Prynn had just closed the door, loudly, after her.
It is too much, Bron thought. I will call for a social guidance appointment. Tomorrow. I’ve got to get some advice.
“Do you think it could be hormones?”
“Which,” Brian asked, from her large, deep, green-plush chair, “of the various things you’ve just gone over do you mean?” Brian was slim, fiftyish, silver-coiffed and silver-nailed, and had told Bron in their first meeting that she was (yes, they were in the u-1) from Mars. Indeed, Brian was what many of the Martian ladies Bron had once hired out to, fifteen years before, had aspired to be, and what those who could afford to keep themselves in such good shape occasionally approached. (Bron remembered their endless, motherly advice. Now, of course, Bron was the client: but otherwise—and both Bron and Brian had commented on, and rather enjoyed, the irony for the first half hour of the first counseling session—little had changed.)

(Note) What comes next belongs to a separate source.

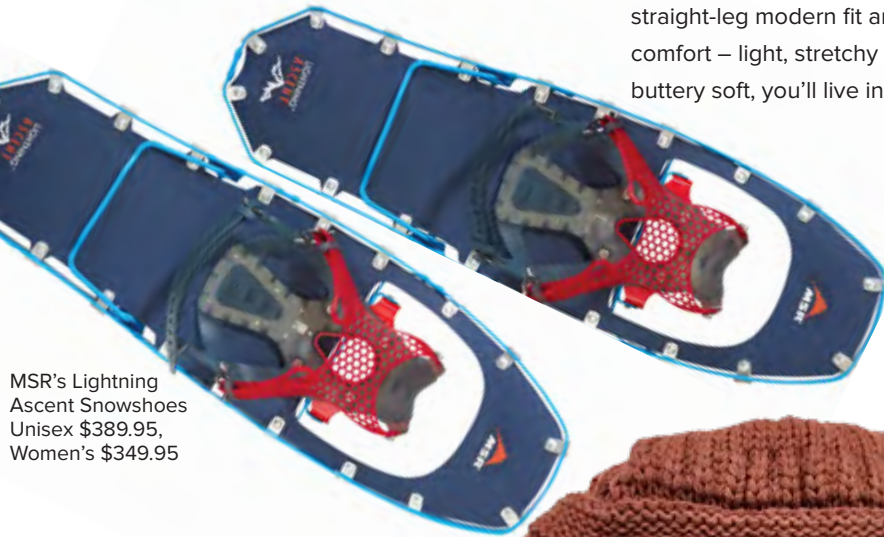
MSR's Lightning Ascent Snowshoes Unisex $389.95, Women's $349.95

MSR's Lightning Ascent snowshoes are the top choice for ultralight and high-performance snowshoeing on all types of terrain.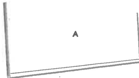
BOTTOM PANEL (X1)

“I don’t know,” Bron said. “Perhaps it is psychological. But I just don’t feel like a woman. I mean all the time, every minute, a complete and whole woman. Of course, when I think about it, or some guy makes a pass at me, then I remember. But most of the time I just feel like an ordinary, normal ...” Bron shrugged, turned in her own chair, as large, as deep, as plush, but yellow.
Brian said: “When you were a man, were you aware of being a man every second of the day? What makes you think that most women feel like women every—”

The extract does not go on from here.